Remember in 2014 when the FCC decided that all advertisement fax communication must include opt-out notifications, including those that were requested or solicited? Unsurprisingly, this rule (under the Junk Fax Prevention Act’s amendment to the Telephone Consumer Protection Act) created some class action suits, which sought between $500 and $1,500 per fax, and resulted in many headaches for late adopters to this rule.

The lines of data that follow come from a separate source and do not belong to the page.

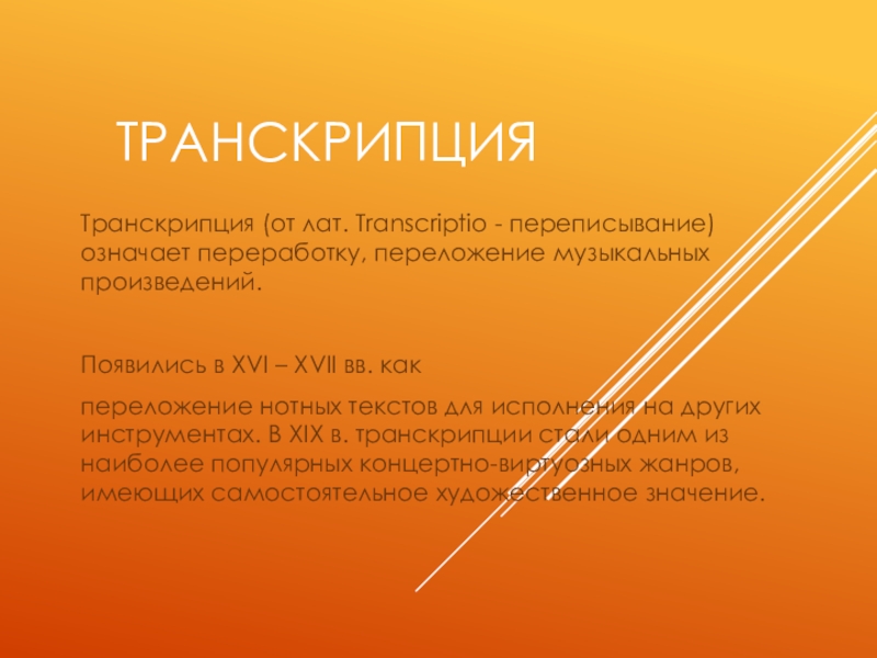 ТранскрипцияТранскрипция (от лат. Transcriptio - переписывание) означает переработку, переложение музыкальных произведений. Появились в XVI – XVII вв.
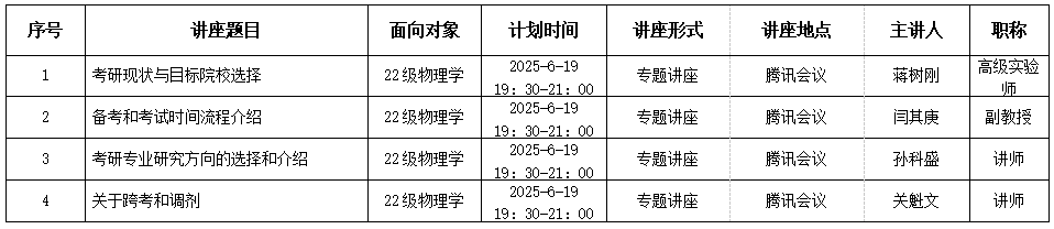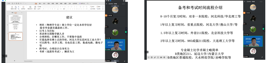 助力物理学专业学生成功考研,集中答疑23级、22级物理学专业学生考研过程中遇到的相关问题,汽车与电子工程学院物理教研室组织本教研室四位博士生教师于腾讯会议线上形式进行了一次全方位的考研讲座。讲座内容涉及到:考研现状与目标院校选择、备考和考试时间流程、介绍考研专业研究方向的选择和介绍、关于跨考和调剂几个方面。
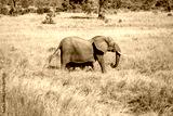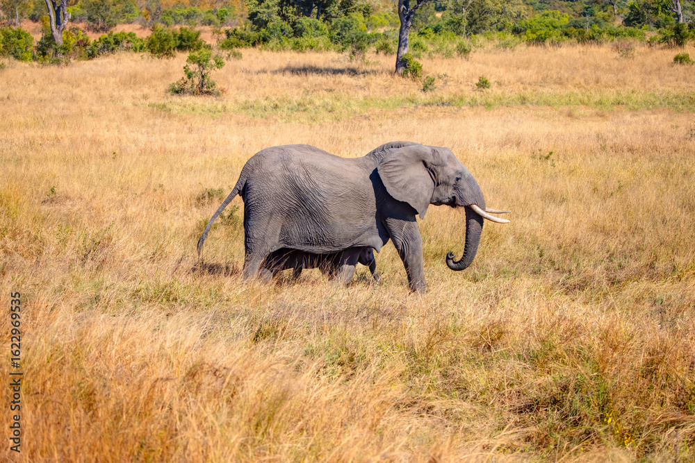 A baby elephant walks through the yellow grass alongside its mother - Kruger National Park - South Africa.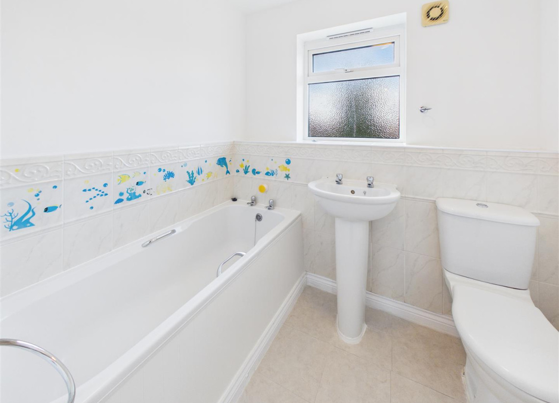 Bathroom - 2.09m x 1.64m (6'10" x 5'4") - Double glazed window to rear with privacy glass, part tile family bathroom with bath, W/C and hand wash basin.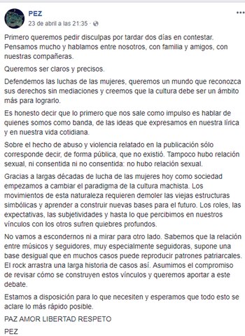 "Sobre el hecho de abuso y violencia relatado en la publicación sólo corresponde decir, de forma pública, que no existió. Tampoco hubo relación sexual, ni consentida ni no consentida: no hubo relación sexual". Así, con esas palabras, el grupo Pez se refería, desde su cuenta de Facebook, a la denuncia de abuso sexual por parte de una fan contra el baterista de la banda, Franco Salvador.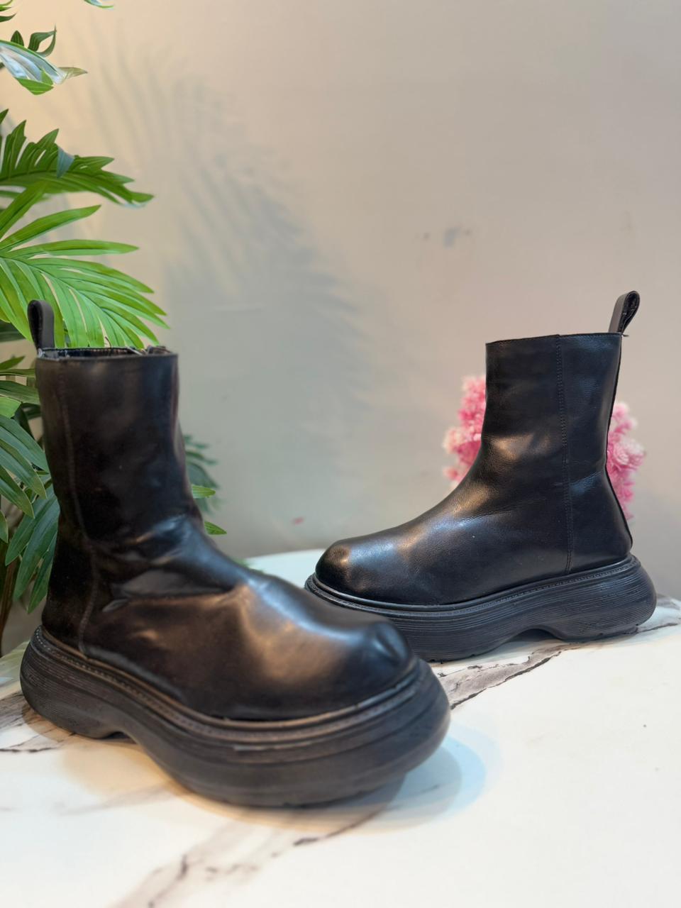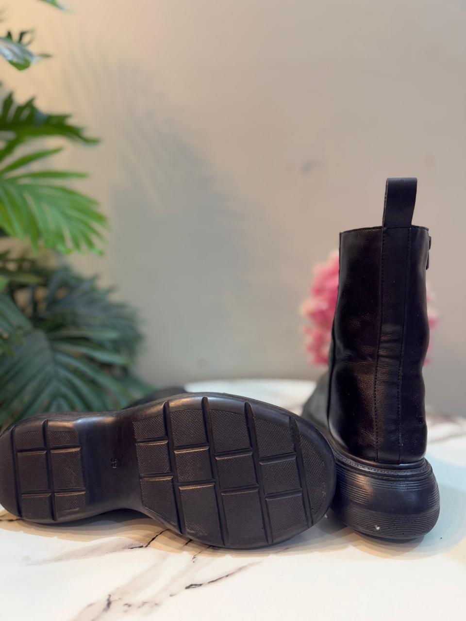 Black leather zipper ankle boot(Unknown)

According to the National Law Review’s article published on Friday, April 7, 2017, companies can rest a bit easier now. “In a move that should put a damper on such class actions, in a 2-1 decision, the U.S. Court of Appeals for the D.C. Circuit struck down the FCC’s rule requiring opt-out notices on solicited faxes, even as to persons who have previously consented to receive faxes. The majority noted that the question it was answering was “whether the Act’s requirement that businesses include an opt-out notice on unsolicited fax advertisements authorizes the FCC to require business to include an opt-out notice on solicited fax advertisements.” Based on the text of the statute, the majority reasoned that Congress did not empower the FCC to regulate solicited faxes. It held that “Congress drew a line in the text of the statute between unsolicited fax advertisements and solicited fax advertisements” and “it is the Judiciary’s job to respect the line drawn by Congress …”
So good news for those who rely on fax communications for advertisements, from pharmaceutical companies to financial services. As the National Law Review puts it: “This ruling also brings an all too rare measure of common sense to the Junk Fax Protection Act.”